■ DATA RECORDS ■
————————
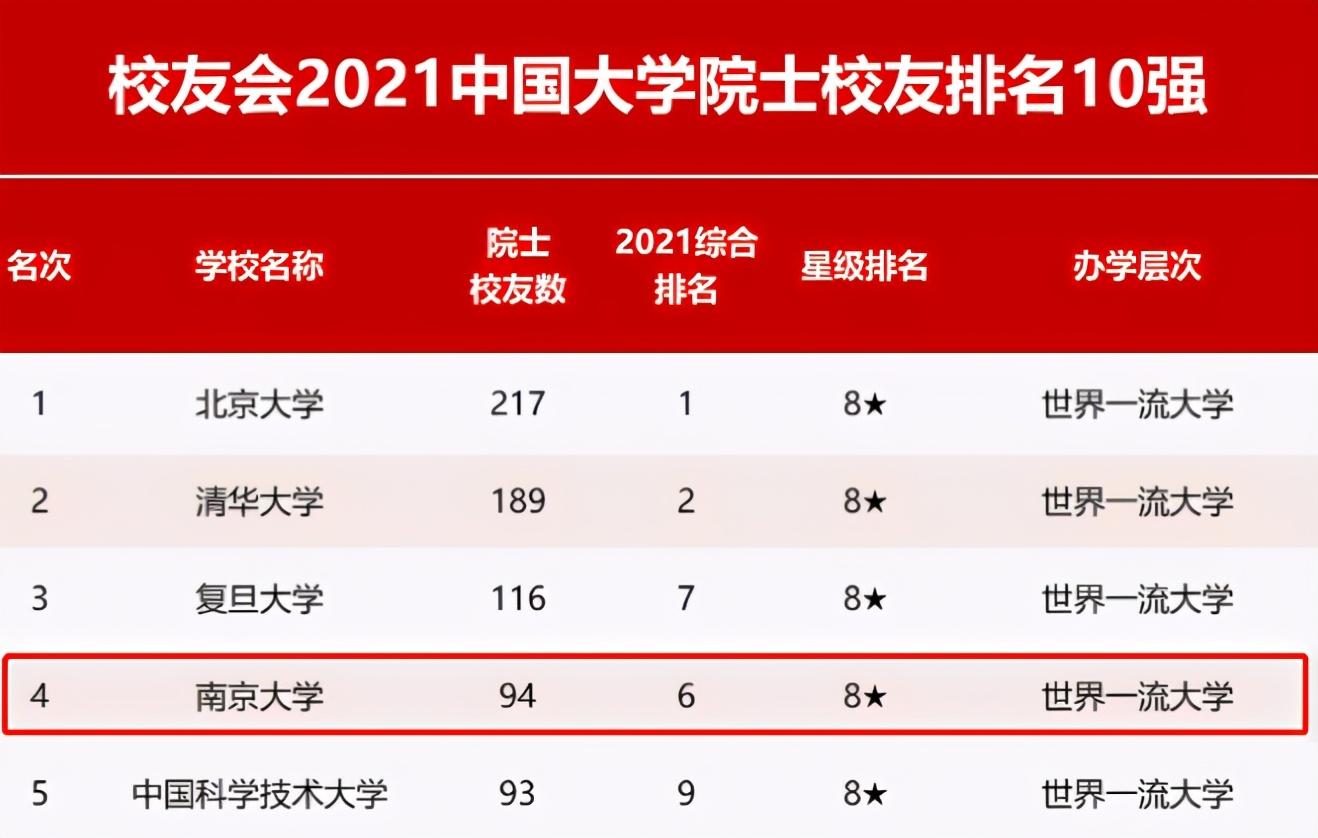 校友会2021中国大学院士校友排名,南京大学以培养造就94名中国两院院士和国际院士,位居全国第4;
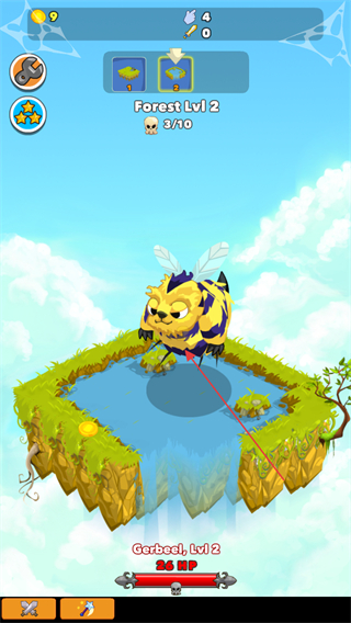 1、在场景中点击怪物进行攻击,击败怪物可获得金币和经验,提升关卡等级如森林等级2、3、4。
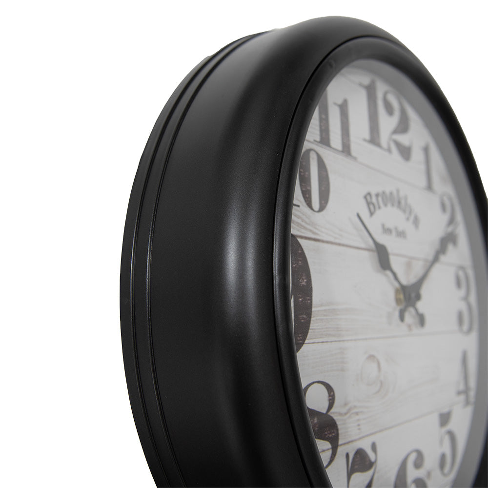 Clayre & Eef Wandklok Ø 40x7 cm Zwart Beige Kunststof Glas Brooklyn
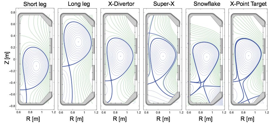 While ITER will test the standard divertor solution in fusion reactor conditions, on TCV, we explore novel ideas, such as alternative magnetic geometries of the boundary plasma. Some of the alternative divertor solutions studied at the Swiss Plasma Center are shown below:
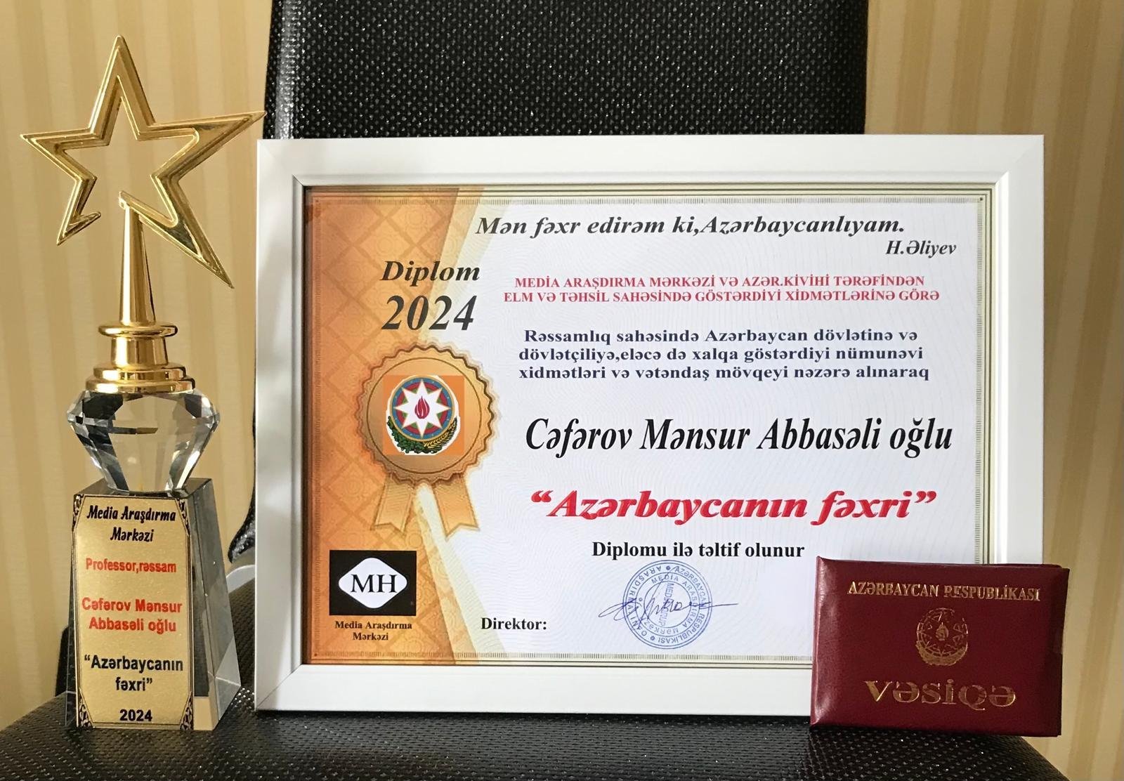 Sənəti ilə xariqələr yaradan professor Media Araşdırma Mərkəzi tərəfindən "Azərbaycanın fəxri" ali media mükafatına layiq görülüb.
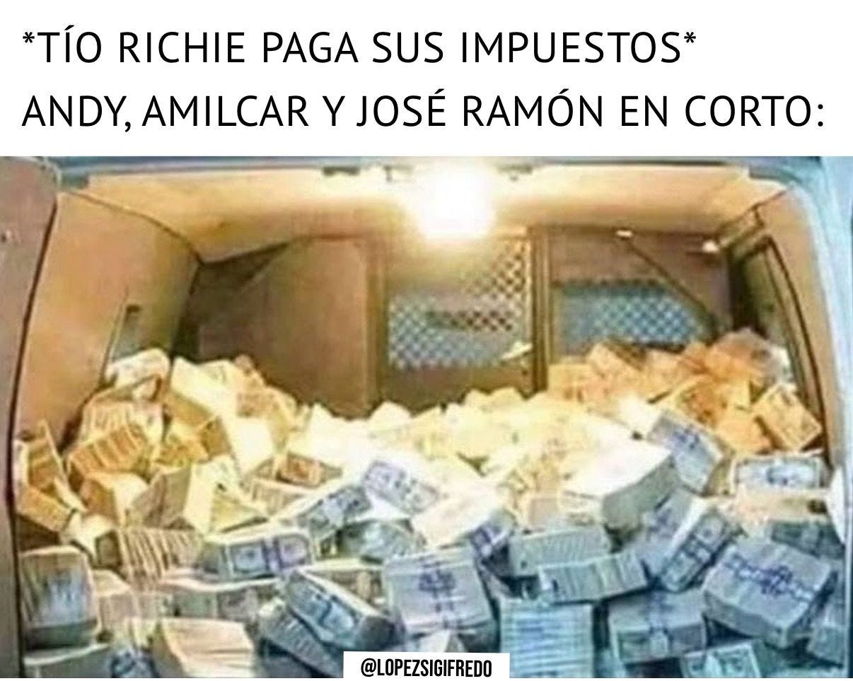 Al Chaz Chaz. Llegó uno de los días más felices de la historia en el calendario chairo nacional. Y no nos referimos al día de pago de las Becas del Bienestar… pero casi. Resulta que ayer el SAT informó que las empresas del Tío Richie finalmente aceptaron pagar los impuestos. De los $79mil millones que Claudia dijo que debían según sus cálculos doctorales, resulta que realmente solo tenían que pagar $32mil millones, de los cuales el Tío ya pagó $10mil melones y va a termnar de pagarlos en los próximos meses. La queja en este país es que nunca sabemos dónde van a parar nuestros impuestos, pero esta vez nos queda bien claro dónde: a Palenque para que un señor que vive por allá lo distribuya entre sus hijos, que después irán a Prada, Hermes y Loro Piana a quemarselo… the circle of life. (link: Al Chaz Chaz! )
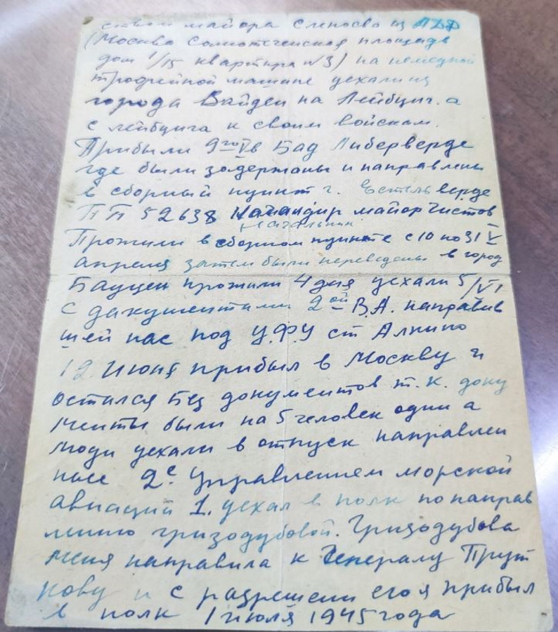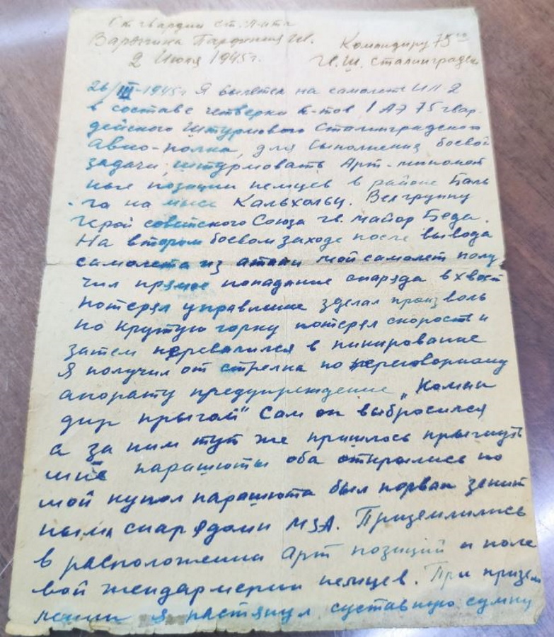 Получилось так, что рассказ пензенского краеведа стал недостающим элементом истории летчика. В общем, пазл сложился. Не хватало лишь подробностей о судьбе стрелка-радиста Мишина. Однако и эти данные нашлись в семейном архиве Варыгиных. Родственники летчика дали Геннадию Полубедову ознакомиться с копией собственноручной записки (на четырех листах) гвардии старшего лейтенанта Варыгина от 2 июля 1945 года на имя командира 75-го гв. ШАП (выходит, к этому времени он уже вернулся в свой полк).
————————
■ WHAT THE EXERCISE ASKS ■
Set down exactly and only the lines from the start of the entries above through the line containing "Sənəti ilə xariqələr", both ends included, omitting the pictures.

■ OUTPUT ■
 校友会2021中国大学院士校友排名,南京大学以培养造就94名中国两院院士和国际院士,位居全国第4;
 1、在场景中点击怪物进行攻击,击败怪物可获得金币和经验,提升关卡等级如森林等级2、3、4。
 Clayre & Eef Wandklok Ø 40x7 cm Zwart Beige Kunststof Glas Brooklyn
 While ITER will test the standard divertor solution in fusion reactor conditions, on TCV, we explore novel ideas, such as alternative magnetic geometries of the boundary plasma. Some of the alternative divertor solutions studied at the Swiss Plasma Center are shown below:
 Sənəti ilə xariqələr yaradan professor Media Araşdırma Mərkəzi tərəfindən "Azərbaycanın fəxri" ali media mükafatına layiq görülüb.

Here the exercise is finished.